Increasing Peer Social Interactions Using the Preferred Interests of Preschoolers With Autism
|LACI WATKINS (The University of Texas at Austin), Mark O'Reilly (The University of Texas at Austin), Michelle Kuhn (The University of Texas at Austin), Katherine Ledbetter-Cho (Texas State University)|
The literature suggests that children with autism spectrum disorder (ASD) educated in inclusive settings generally do not interact with their typically developing classmates during social activities. This study assessed whether an antecedent strategy of incorporating the preferred interests of preschoolers with ASD into play activities mutually engaging to typical peers would result in an increase in social interaction. A multiple baseline design across participants (with ABAB phases embedded) was used to demonstrate the effects of the intervention on participant initiations and responses during play sessions with typical peers. Initiations and responses to typical peers increased for all four participants, and generalization to novel peers was observed. Treatment gains were maintained during six-week follow- up sessions. Recommendations for practitioners working with children with ASD in inclusive settings and potential areas of future research are discussed.
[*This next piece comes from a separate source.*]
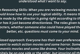 - High Reasoning Skills: When you are reviewing movies then you should know how to use your logical ability. It means that the movie made by the director is going right according to the script, or has it just become directionless. The roles given to the characters, whether someone else could have played those roles better, etc. questions must come to your mind.

|Teaching Stimulus Control via Class-Wide Multiple Schedules of Reinforcement in Public Elementary School Classrooms|
|JESSICA TORELLI (Vanderbilt University), Blair Lloyd (Vanderbilt University), Claire Diekman (Vanderbilt University), Joseph H. Wehby (Vanderbilt University)|
|Abstract: In elementary school classrooms, students commonly recruit teacher attention at inappropriately high rates or at inappropriate times. Multiple schedule interventions have been used to teach stimulus control by signaling to students when reinforcement is and is not available contingent on an appropriate response. The purpose of the current study was to evaluate effects of a class-wide multiple schedule on differentiated rates of student recruitment of teacher attention in two public elementary classrooms. General education teachers implemented the multiple schedule intervention in the context of a common instructional routine (i.e., small group rotations among reading centers). Results indicated that the multiple schedule intervention was effective at decreasing disruptive bids for attention when teacher attention was not available. Additional research on teacher implementation of class-wide multiple schedules is needed to evaluate whether this intervention may be identified as an effective supplement to tier 1 classroom management strategies within multi-tiered systems of support.|
Testing a Model for Assessment and Intervention Decision-Making for Students With Co-Occurring Behavior Problems and Reading Difficulties in the Classroom: Exploring the Relative Effects of Antecedent Intevention Strategies
|ANDREA EGAN HAMAD (Minnesota Department of Human Services), Jennifer J. McComas (University of Minnesota)|
Many students exhibit behavior problems and reading difficulties in the classroom. Interventions to address these issues have been shown to be increasingly less effective after third grade. A practical model was created in this study to assist researchers and practitioners in assessment and intervention decision-making. Six first-grade students participated in the three parts of this study: (1) functional analysis; (2) reading assessment; (3) brief analysis to test the effects of antecedent interventions matched and mismatched to hypothesis for reading difficulties on off-task behavior and reading accuracy. Results from the functional analyses revealed three participants with attention-maintained problem behavior and three participants with escape-maintained problem behavior and the reading assessment revealed that all six participants exhibited skill deficits. Participants received sessions of antecedent attention and the use of an instructional strategy immediately followed by independent reading in their classroom. Results showed response covariation (i.e., low levels of off-task behavior concurrent with high levels of reading accuracy) for two of six participants when the intervention strategy was matched to hypothesis for reading difficulties. Findings suggest that under some conditions, interventions that directly address reading difficulty may have potential to concurrently decrease problem behavior and increase reading accuracy.